The "Arab Spring" continues uprooting the established political order of the Middle East.  Mubarak is gone, Qaddafi is gone, and this weekend Tunisia is holding free elections to form a democratic government.  The fires of freedom are raging across North Africa and the Middle East - and change is happening.

Who is to say that it can't happen in America?  One important change has already occurred, and that is people are finally talking about the great disparity of wealth in America.  Hell, even the media is talking about it.

But the thing that I like best about the "Occupy" movement is that the people who are participating seem to be having so much fun.  It would be really hard for some right-wing mayor to turn the fire hoses and dogs on a group of people who are oozing with so much joyousness.  Peace and harmony rocks!

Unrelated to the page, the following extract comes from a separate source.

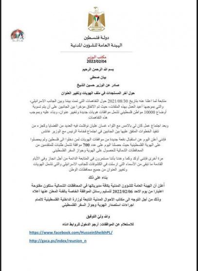 وفيما يلي البيان الصحفي حول آخر المستجدات في ملف الهويات وتغيير العنوان:

I just saw a report about yesterday's march across thirty blocks of downtown Manhattan.  The man leading the peaceful demonstration was a very old hand at protests.  Ninety-two-year-old folksinger Pete Seeger along with his guitar-playing grandson, Tao Rodriguez Seeger, led the crowd in song as they traipsed through some of the tonier sections of Gotham.  They were accompanied by Woody Guthrie's little boy, Arlo, and filmmaker Michael Moore.  Moore reported that even some New York City policemen joined in the protest march.

The elder Seeger walked those thirty blocks with the assistance of two canes.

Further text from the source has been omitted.